Logistic Regression
Problem and Data
We demonstrate how to run Logistic Regression on the DBLife dataset.
The descriptions are the same as in this example.
And the dataset can be downloaded from Bismarck Download.
Running Support Vector Machine is very similar to this.
The schema of the dblife
table is as follows:
Column | Type | Modifiers --------+--------------------+------------------------------------------------------ did | integer | not null default nextval('dblife_did_seq'::regclass) k | integer[] | v | double precision[] | label | integer |
Python-Based Front-End
The spec file for this task is as given below (also available in the bin folder as sparse-logit-spec.py):
verbose = False model = 'sparse_logit' model_id = 22 data_table = 'dblife' feature_cols = 'k, v' label_col = 'label' ndims = 41270 stepsize = 0.5 decay = 0.9 is_shmem = True
The stepsize and decay values were picked for this dataset after a grid search to get minimum loss value.
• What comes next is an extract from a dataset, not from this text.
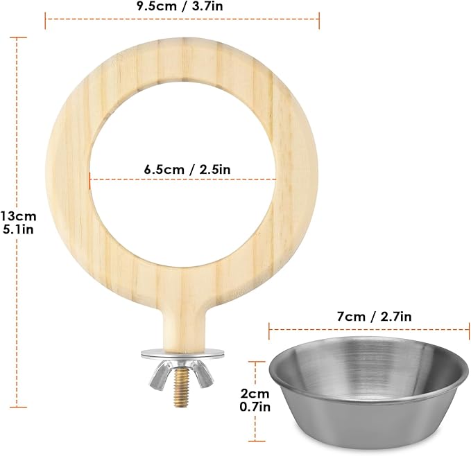 - EASY TO USE: With metal gaskets and nut, the bowl holder can be installed in all pet cage. Sturdy and stable for small birds to stand on the rim while enjoying food dish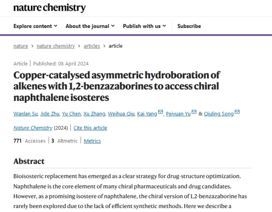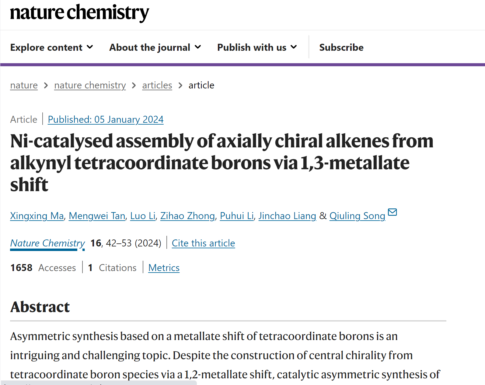 2025年5月10日,我院宋秋玲教授课题组在《Journal of the American Chemical Society》在线发表了题为“Zr-Catalyzed Assembly of 1,1,1-Triborylalkanes from Alkenes and HBpin”的研究论文,该研究开发了一种基于 Zr 的催化体系,实现了硼烷对烯烃的高区域选择性和化学选择性 1,1,1-三硼化反应。 在有机化学的广阔领域中,有机硼化合物凭借其独特的性质和广泛的应用,一直是科研人员关注的焦点。从有机合成的基础反应,到制...

To invoke the training, run the following command:
python bin/bismarck_front.py bin/sparse-logit-spec.py
SQL-Based Front-End
A SQL query for training the LR model is as follows:
SELECT sparse_logit('dblife', 22, 41270, 20, 1, 0.5, 0.9, 't', 't');
The same values are input here, in addition to iteration = 20, and mu = 1. The column names are implicitly assumed here to be the same as in the given schema. An alternate SQL query with implicit default values for many of the parameters (refer Using Bismarck) is as follows:
SELECT sparse_logit('dblife', 22, 41270);
Model Application
The trained model can be applied for prediction using the sparse_logit_pred
function:
SELECT sparse_logit_init(22); CREATE TABLE dblife_pred AS SELECT did, sparse_logit_pred(22, k, v) FROM dblife; SELECT sparse_logit_clear(22);